Speaker
Description
The James Webb Space Telescope (JWST) has opened a new frontier in strong gravitational lensing by providing the resolution and depth necessary to identify some of the most distant lenses ever discovered. Among these are group-scale lenses, systems of approximately 2–10 galaxies that bridge the gap between galaxy- and cluster-scale lenses. These systems offer magnifications up to ten times higher than galaxy-scale lenses ($\mu\sim 50$) whilst maintaining sufficiently simple mass models that allow for the ability to reconstruct the unlensed source morphology. We modelled a sample of five JWST group-scale lenses identified in the COSMOS-Web survey, leveraging JWST’s multi-band imaging to perform high-precision lens modelling.
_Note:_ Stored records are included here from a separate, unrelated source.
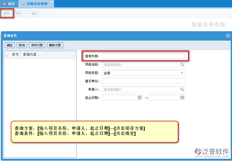 (2)、查詢方案:將經(jīng)常查詢的條件選擇好后,輸入方案名稱,就可以點擊保存方案,有助于下次查詢的時候直接快速點擊查詢的方案,就不用再次選擇條件
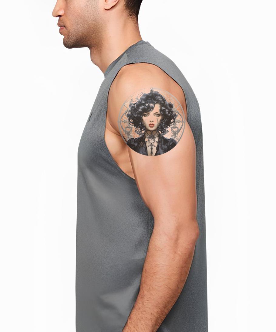 释放你内心的黑暗面,尽情欣赏这款迷人的哥特风格纹身设计。这件作品展现了一位神秘女性的肖像,巧妙地与可怕的蜘蛛交织在一起。非常适合万圣节或那些拥抱阴森的人,这个设计承诺将成为你纹身收藏中的独特补充。
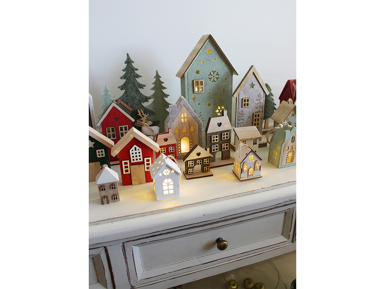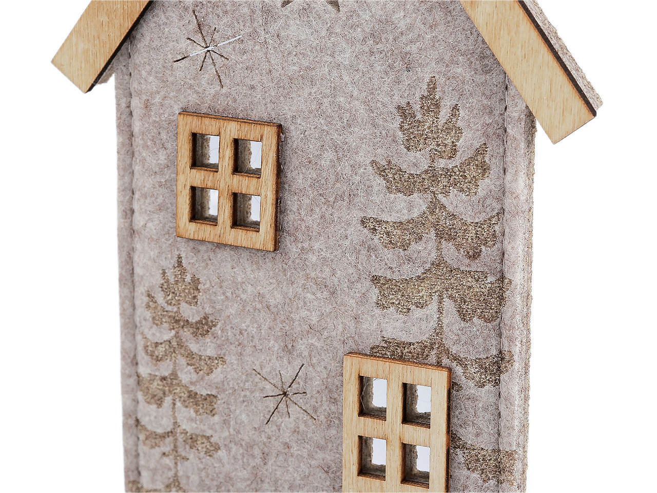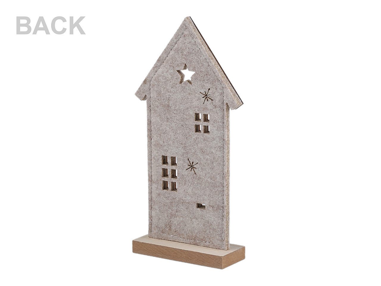 Dekoračný domček má základ z pevného filcu a strechu, podstavec a detaily z dreva. Prednú stranu zdobí motív lesa s jeleňom a výrezmi hviezd . Zútulní každý interiér. Domček je ideálny na rôzne sezónne a sviatočné obdobia, zvlášť ako štýlová vianočná dekorácia. Môžete ho umiestniť na krbovú rímsu, okenný parapet, poličku alebo vynikne ako súčasť väčšej dekoratívnej kompozície na stole.
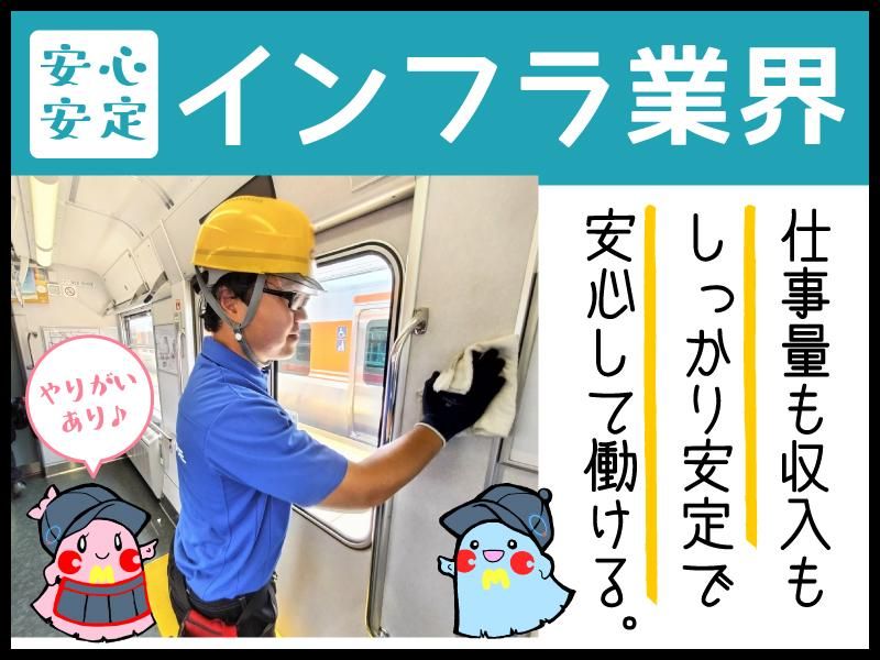 仕事内容 ――接客なし!電車のクリーンスタッフ ――JR東海グループ!安定企業の一員に 若手育成中のJR東海グループで 正社員も目指せます! ▼▲▼▲▼▲▼▲▼▲▼▲▼▲▼▲▼▲ 他とは違う!インフラ業界! JRグループならではの「清掃」だから 安定したシフト&仕事量=安定収入! ▼▲▼▲▼▲▼▲▼▲▼▲▼▲▼▲▼▲ 【応募のオススメポイント】 *未経験歓迎!経験より「意欲」を重視! *若手~ベテランまで幅広い世代が活躍中! *安定収入!月収例19万6999円+交通費 *契約社員でも賞与2回! *年収例272万円以上+交通費+各種手当 *半年で日給100円UP!その後も定期昇給 *月9~10日休みで年間休日115日! *家族手当もしっかり支給◎ *正社員登用制度あり!さらに待遇が充実! *お電話は、0584-78-9456まで! ―――――――――――――――――― JRグループならではのレア求人(^^)/ ―――――――――――――――――― 日常生活に欠かせないJR在来線で、 電車車両の中をキレイにする お掃除スタッフの募集です! 4~5名で1チームとなって 枕カバーの交換や窓・つり革を拭いたり、 エアコンの吹き出し口などを キレイにしていきます。 また「電車の顔」ともいえる 車両の前面をブラシで磨いたり、 車内の広告を交換したりも…! ※副業・兼業・掛け持ち不可※ 拭く・歩く…でしっかり体を使う作業◎ 重いものを持つ・運ぶというような 力作業はありませんが、 例えば、床や窓を拭く 力を使うシーンはあるお仕事。 その分キレイになったときの ”気持ち良さ”があるのもポイントです。 自分の持ち場は一人で担当しますが、 それぞれがテキパキと進めていく ”チームプレー”でもあるため、 皆でやりきる達成感が味わえますよ。 最初は覚えることが多いかもしれませんが 流れはルーティーンワークなので 慣れてしまえば働きやすい! ●じっくり丁寧に学べます● まずはゼロから基本の装着! *研修センターで 「清掃の基本」を学ぶ1日学習あり! *座学 *模擬体験 *安全教育 …など スキルを学ぶ場を多数ご用意しています。 「安全」のための細かなルールや ダイヤに合わせた作業スケジュールなど 一緒に覚えていきましょう! ------------------- 先輩聞いた【職場の推しPOINT】紹介! ------------------- ◎JR東海グループであること! 収入も安定して長く安心して働けます。 ◎普通は入れない車両基地が職場です。 鉄道というインフラを安全第一で仲間と 一緒に内側から支えるやりがいを実感! また、車両清掃といっても仕事内容は いろいろあるのも面白いですよ。 ◎JR東海グループという安定基盤があり、 働きやすい環境が整っていることが 10年以上続けてこられた理由です。 安全が最優先で危険な作業はナシ! 十分なお休みなど待遇面も満足です。

Our lens model accounts for the contribution of the 4-10 galaxies per system, whose contribution to the lens is key to reconstructing the source’s detailed morphology on an adaptive Voronoi mesh. Notably, we identified a spectroscopically confirmed source at $z=4.99$, which is HST-dark, allowing us to reconstruct its structure which provides an unprecedented view of this galaxy class emerging as key to high redshift galaxy evolution. The sample also includes two double-source plane lens candidates, one of which features the $z=4.99$ source. These systems therefore motivate an exploration of how JWST group-scale lenses can inform cosmological parameter inference, given they could extend the angular diameter distance redshift range–critical to cosmology–over a much more significant range than achievable with galaxy-scale lenses.